INFORMATION SUPPLIED:

......

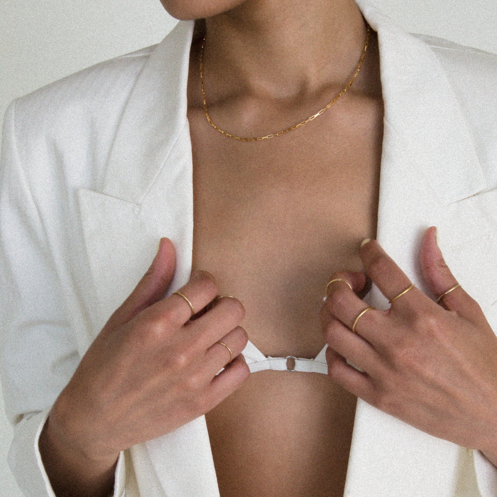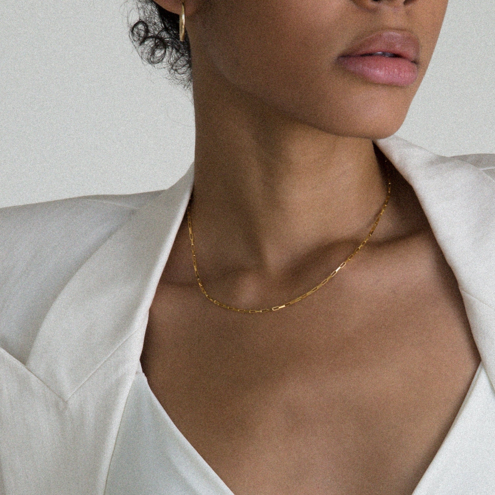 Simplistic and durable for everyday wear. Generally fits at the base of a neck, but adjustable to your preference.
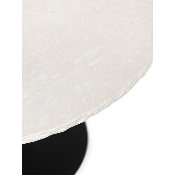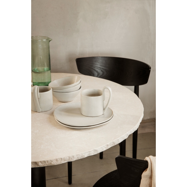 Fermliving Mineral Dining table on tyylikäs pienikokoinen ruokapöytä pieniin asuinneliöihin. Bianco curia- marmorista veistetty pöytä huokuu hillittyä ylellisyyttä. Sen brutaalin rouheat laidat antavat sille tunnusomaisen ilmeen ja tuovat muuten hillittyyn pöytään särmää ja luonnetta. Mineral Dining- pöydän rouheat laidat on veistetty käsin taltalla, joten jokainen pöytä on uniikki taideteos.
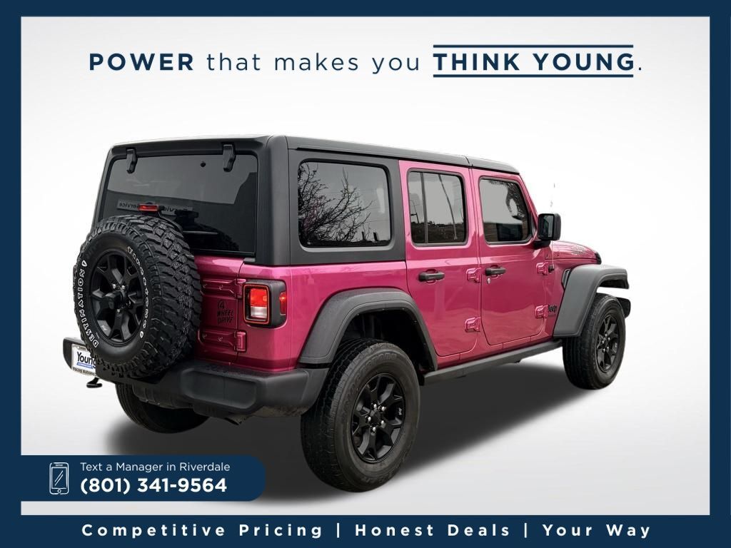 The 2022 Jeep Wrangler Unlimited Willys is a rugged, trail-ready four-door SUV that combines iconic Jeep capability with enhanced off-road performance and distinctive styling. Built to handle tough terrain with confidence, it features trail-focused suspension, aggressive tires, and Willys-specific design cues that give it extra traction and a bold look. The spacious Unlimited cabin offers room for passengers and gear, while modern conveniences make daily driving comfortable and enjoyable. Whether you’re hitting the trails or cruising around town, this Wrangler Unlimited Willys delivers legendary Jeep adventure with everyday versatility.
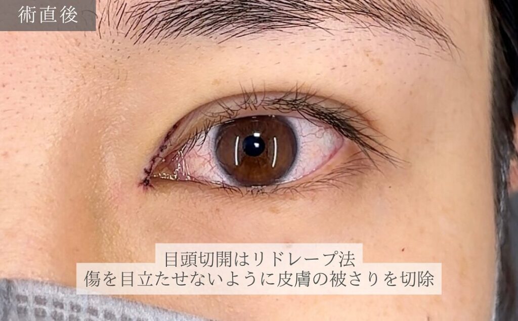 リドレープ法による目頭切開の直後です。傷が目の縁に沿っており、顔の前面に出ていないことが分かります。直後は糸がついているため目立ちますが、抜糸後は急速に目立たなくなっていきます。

......

WORK REQUIRED: Quote the material in full and exactly; do not carry over its pictures.

ANSWER TO THIS TASK:
 Simplistic and durable for everyday wear. Generally fits at the base of a neck, but adjustable to your preference.
 Fermliving Mineral Dining table on tyylikäs pienikokoinen ruokapöytä pieniin asuinneliöihin. Bianco curia- marmorista veistetty pöytä huokuu hillittyä ylellisyyttä. Sen brutaalin rouheat laidat antavat sille tunnusomaisen ilmeen ja tuovat muuten hillittyyn pöytään särmää ja luonnetta. Mineral Dining- pöydän rouheat laidat on veistetty käsin taltalla, joten jokainen pöytä on uniikki taideteos.
 The 2022 Jeep Wrangler Unlimited Willys is a rugged, trail-ready four-door SUV that combines iconic Jeep capability with enhanced off-road performance and distinctive styling. Built to handle tough terrain with confidence, it features trail-focused suspension, aggressive tires, and Willys-specific design cues that give it extra traction and a bold look. The spacious Unlimited cabin offers room for passengers and gear, while modern conveniences make daily driving comfortable and enjoyable. Whether you’re hitting the trails or cruising around town, this Wrangler Unlimited Willys delivers legendary Jeep adventure with everyday versatility.
 リドレープ法による目頭切開の直後です。傷が目の縁に沿っており、顔の前面に出ていないことが分かります。直後は糸がついているため目立ちますが、抜糸後は急速に目立たなくなっていきます。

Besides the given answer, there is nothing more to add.